DATA TO USE:
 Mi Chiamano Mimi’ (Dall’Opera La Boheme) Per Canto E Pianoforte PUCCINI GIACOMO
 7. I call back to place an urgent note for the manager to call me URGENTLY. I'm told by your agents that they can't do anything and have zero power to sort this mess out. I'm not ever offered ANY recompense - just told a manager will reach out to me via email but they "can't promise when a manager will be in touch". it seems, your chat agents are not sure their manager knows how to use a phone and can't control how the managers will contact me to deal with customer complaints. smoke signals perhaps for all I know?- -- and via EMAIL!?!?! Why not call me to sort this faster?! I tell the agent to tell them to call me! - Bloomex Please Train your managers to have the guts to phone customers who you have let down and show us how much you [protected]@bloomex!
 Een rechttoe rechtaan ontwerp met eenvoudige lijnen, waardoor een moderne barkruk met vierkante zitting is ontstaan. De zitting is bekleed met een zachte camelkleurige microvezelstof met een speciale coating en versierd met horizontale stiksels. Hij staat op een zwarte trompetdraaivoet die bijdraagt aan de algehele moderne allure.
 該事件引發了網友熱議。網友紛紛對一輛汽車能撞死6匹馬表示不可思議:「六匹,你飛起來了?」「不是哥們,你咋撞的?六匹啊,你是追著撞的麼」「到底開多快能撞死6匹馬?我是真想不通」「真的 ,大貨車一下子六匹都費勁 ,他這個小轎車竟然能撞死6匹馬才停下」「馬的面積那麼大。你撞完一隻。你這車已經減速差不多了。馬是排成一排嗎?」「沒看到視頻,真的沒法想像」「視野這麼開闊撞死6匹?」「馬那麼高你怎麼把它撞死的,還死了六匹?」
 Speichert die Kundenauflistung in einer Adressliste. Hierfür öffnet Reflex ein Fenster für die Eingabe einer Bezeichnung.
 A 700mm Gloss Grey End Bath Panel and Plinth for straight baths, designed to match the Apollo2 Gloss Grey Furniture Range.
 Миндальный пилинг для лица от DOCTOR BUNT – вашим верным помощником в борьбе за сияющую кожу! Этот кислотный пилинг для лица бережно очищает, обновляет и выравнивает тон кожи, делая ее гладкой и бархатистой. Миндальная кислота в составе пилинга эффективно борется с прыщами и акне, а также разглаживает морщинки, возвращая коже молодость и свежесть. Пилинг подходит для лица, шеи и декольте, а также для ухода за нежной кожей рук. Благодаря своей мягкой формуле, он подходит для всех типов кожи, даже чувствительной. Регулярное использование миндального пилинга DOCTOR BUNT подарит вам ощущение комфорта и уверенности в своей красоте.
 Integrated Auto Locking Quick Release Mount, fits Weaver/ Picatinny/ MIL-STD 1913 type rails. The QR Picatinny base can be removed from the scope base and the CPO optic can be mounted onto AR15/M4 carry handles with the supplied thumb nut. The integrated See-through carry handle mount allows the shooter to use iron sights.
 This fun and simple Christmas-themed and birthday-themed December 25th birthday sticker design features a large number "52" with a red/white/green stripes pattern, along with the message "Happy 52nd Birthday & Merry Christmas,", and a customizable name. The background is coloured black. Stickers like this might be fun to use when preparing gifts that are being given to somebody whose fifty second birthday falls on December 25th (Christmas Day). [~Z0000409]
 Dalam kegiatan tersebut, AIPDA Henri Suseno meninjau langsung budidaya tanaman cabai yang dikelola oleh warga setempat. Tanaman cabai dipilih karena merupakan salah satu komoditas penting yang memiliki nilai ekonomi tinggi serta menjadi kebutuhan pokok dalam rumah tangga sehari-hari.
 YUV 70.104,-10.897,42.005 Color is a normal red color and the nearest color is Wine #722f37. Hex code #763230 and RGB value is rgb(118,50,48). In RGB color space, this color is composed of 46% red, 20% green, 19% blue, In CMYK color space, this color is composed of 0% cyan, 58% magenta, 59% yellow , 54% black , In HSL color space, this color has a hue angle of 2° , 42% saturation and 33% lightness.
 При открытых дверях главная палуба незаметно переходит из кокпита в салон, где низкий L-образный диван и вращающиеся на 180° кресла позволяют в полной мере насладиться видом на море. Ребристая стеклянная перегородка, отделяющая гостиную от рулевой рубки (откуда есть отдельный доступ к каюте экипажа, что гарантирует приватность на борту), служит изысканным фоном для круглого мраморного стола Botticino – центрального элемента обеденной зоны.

YOUR OBJECTIVE: Extract each entry in full and write it down exactly.

EXERCISE OUTPUT:
 Mi Chiamano Mimi’ (Dall’Opera La Boheme) Per Canto E Pianoforte PUCCINI GIACOMO
 7. I call back to place an urgent note for the manager to call me URGENTLY. I'm told by your agents that they can't do anything and have zero power to sort this mess out. I'm not ever offered ANY recompense - just told a manager will reach out to me via email but they "can't promise when a manager will be in touch". it seems, your chat agents are not sure their manager knows how to use a phone and can't control how the managers will contact me to deal with customer complaints. smoke signals perhaps for all I know?- -- and via EMAIL!?!?! Why not call me to sort this faster?! I tell the agent to tell them to call me! - Bloomex Please Train your managers to have the guts to phone customers who you have let down and show us how much you [protected]@bloomex!
 Een rechttoe rechtaan ontwerp met eenvoudige lijnen, waardoor een moderne barkruk met vierkante zitting is ontstaan. De zitting is bekleed met een zachte camelkleurige microvezelstof met een speciale coating en versierd met horizontale stiksels. Hij staat op een zwarte trompetdraaivoet die bijdraagt aan de algehele moderne allure.
 該事件引發了網友熱議。網友紛紛對一輛汽車能撞死6匹馬表示不可思議:「六匹,你飛起來了?」「不是哥們,你咋撞的?六匹啊,你是追著撞的麼」「到底開多快能撞死6匹馬?我是真想不通」「真的 ,大貨車一下子六匹都費勁 ,他這個小轎車竟然能撞死6匹馬才停下」「馬的面積那麼大。你撞完一隻。你這車已經減速差不多了。馬是排成一排嗎?」「沒看到視頻,真的沒法想像」「視野這麼開闊撞死6匹?」「馬那麼高你怎麼把它撞死的,還死了六匹?」
 Speichert die Kundenauflistung in einer Adressliste. Hierfür öffnet Reflex ein Fenster für die Eingabe einer Bezeichnung.
 A 700mm Gloss Grey End Bath Panel and Plinth for straight baths, designed to match the Apollo2 Gloss Grey Furniture Range.
 Миндальный пилинг для лица от DOCTOR BUNT – вашим верным помощником в борьбе за сияющую кожу! Этот кислотный пилинг для лица бережно очищает, обновляет и выравнивает тон кожи, делая ее гладкой и бархатистой. Миндальная кислота в составе пилинга эффективно борется с прыщами и акне, а также разглаживает морщинки, возвращая коже молодость и свежесть. Пилинг подходит для лица, шеи и декольте, а также для ухода за нежной кожей рук. Благодаря своей мягкой формуле, он подходит для всех типов кожи, даже чувствительной. Регулярное использование миндального пилинга DOCTOR BUNT подарит вам ощущение комфорта и уверенности в своей красоте.
 Integrated Auto Locking Quick Release Mount, fits Weaver/ Picatinny/ MIL-STD 1913 type rails. The QR Picatinny base can be removed from the scope base and the CPO optic can be mounted onto AR15/M4 carry handles with the supplied thumb nut. The integrated See-through carry handle mount allows the shooter to use iron sights.
 This fun and simple Christmas-themed and birthday-themed December 25th birthday sticker design features a large number "52" with a red/white/green stripes pattern, along with the message "Happy 52nd Birthday & Merry Christmas,", and a customizable name. The background is coloured black. Stickers like this might be fun to use when preparing gifts that are being given to somebody whose fifty second birthday falls on December 25th (Christmas Day). [~Z0000409]
 Dalam kegiatan tersebut, AIPDA Henri Suseno meninjau langsung budidaya tanaman cabai yang dikelola oleh warga setempat. Tanaman cabai dipilih karena merupakan salah satu komoditas penting yang memiliki nilai ekonomi tinggi serta menjadi kebutuhan pokok dalam rumah tangga sehari-hari.
 YUV 70.104,-10.897,42.005 Color is a normal red color and the nearest color is Wine #722f37. Hex code #763230 and RGB value is rgb(118,50,48). In RGB color space, this color is composed of 46% red, 20% green, 19% blue, In CMYK color space, this color is composed of 0% cyan, 58% magenta, 59% yellow , 54% black , In HSL color space, this color has a hue angle of 2° , 42% saturation and 33% lightness.
 При открытых дверях главная палуба незаметно переходит из кокпита в салон, где низкий L-образный диван и вращающиеся на 180° кресла позволяют в полной мере насладиться видом на море. Ребристая стеклянная перегородка, отделяющая гостиную от рулевой рубки (откуда есть отдельный доступ к каюте экипажа, что гарантирует приватность на борту), служит изысканным фоном для круглого мраморного стола Botticino – центрального элемента обеденной зоны.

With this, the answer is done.